◆ Work required ◆
Everything below from the line with "I am doing a" through the line with "Wählen Sie die" must be retyped exactly, except the pictures.

◆ Dataset extract ◆
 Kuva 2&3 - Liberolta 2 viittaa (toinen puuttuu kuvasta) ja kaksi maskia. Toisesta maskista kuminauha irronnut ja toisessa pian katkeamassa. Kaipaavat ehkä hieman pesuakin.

--

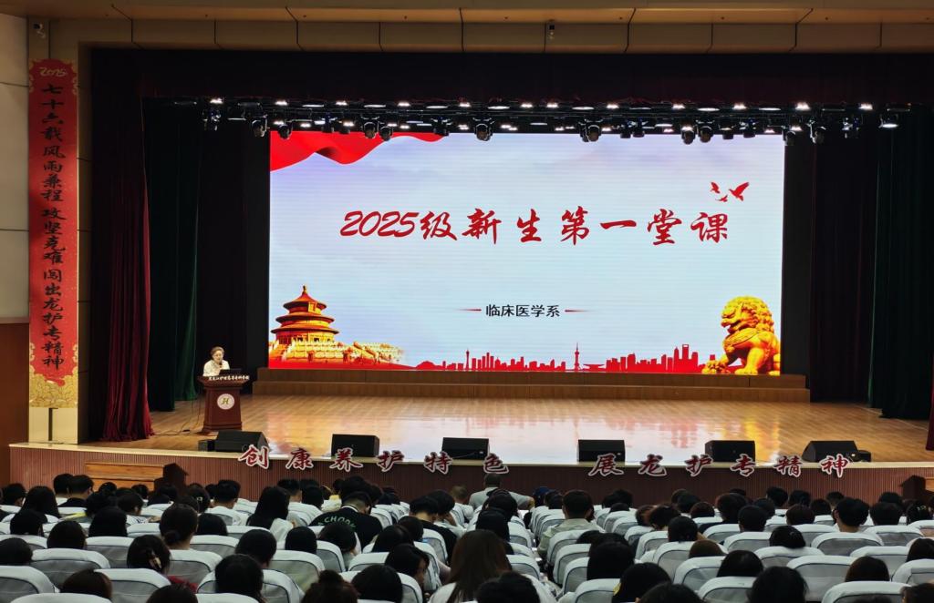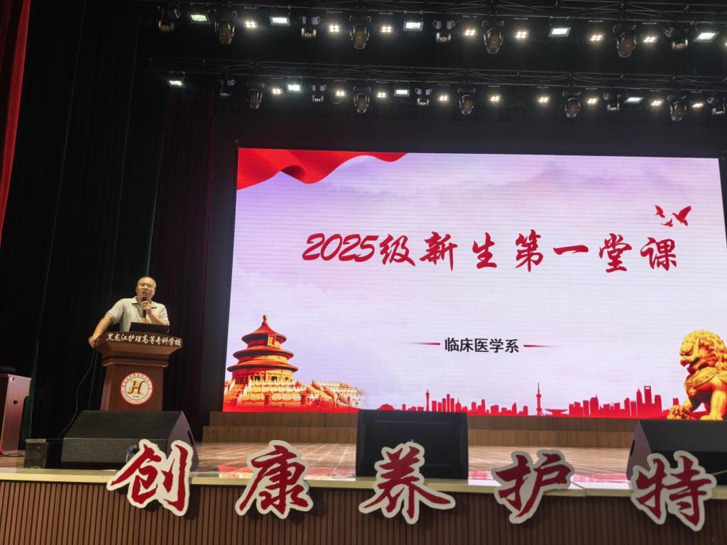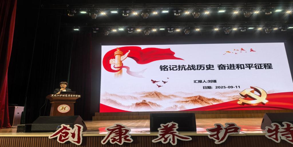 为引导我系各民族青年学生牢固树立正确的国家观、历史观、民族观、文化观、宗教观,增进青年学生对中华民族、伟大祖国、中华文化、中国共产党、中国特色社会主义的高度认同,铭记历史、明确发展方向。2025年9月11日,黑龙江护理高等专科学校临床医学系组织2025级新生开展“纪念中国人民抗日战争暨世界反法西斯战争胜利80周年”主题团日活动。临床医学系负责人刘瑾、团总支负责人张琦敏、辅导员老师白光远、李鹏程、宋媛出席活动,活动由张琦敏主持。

--

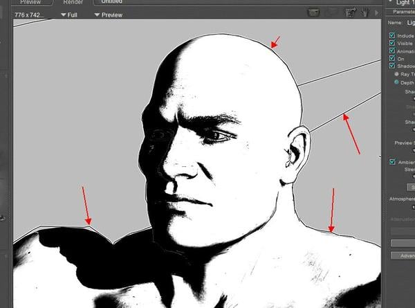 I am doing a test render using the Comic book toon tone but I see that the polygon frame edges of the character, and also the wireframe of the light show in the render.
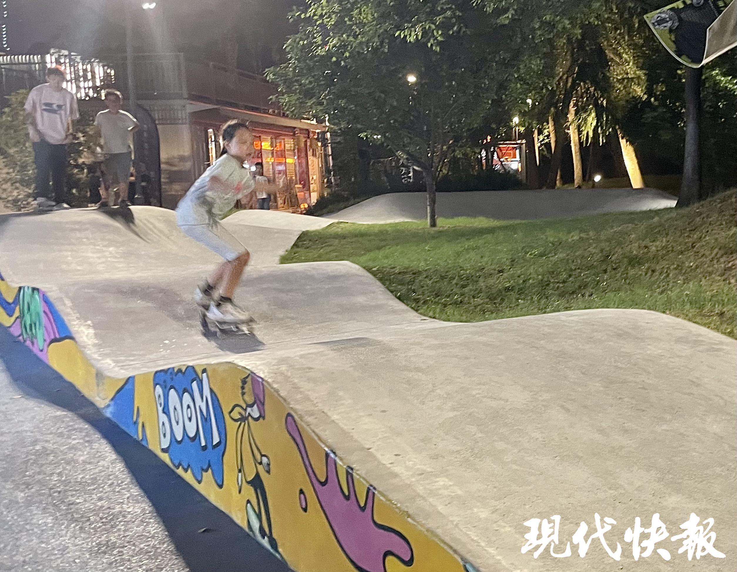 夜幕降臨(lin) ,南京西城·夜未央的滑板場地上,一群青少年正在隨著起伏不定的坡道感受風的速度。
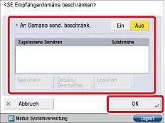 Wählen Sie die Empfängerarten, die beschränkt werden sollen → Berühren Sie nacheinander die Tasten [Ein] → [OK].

◆ Answer section ◆
 I am doing a test render using the Comic book toon tone but I see that the polygon frame edges of the character, and also the wireframe of the light show in the render.
 夜幕降臨(lin) ,南京西城·夜未央的滑板場地上,一群青少年正在隨著起伏不定的坡道感受風的速度。
 Wählen Sie die Empfängerarten, die beschränkt werden sollen → Berühren Sie nacheinander die Tasten [Ein] → [OK].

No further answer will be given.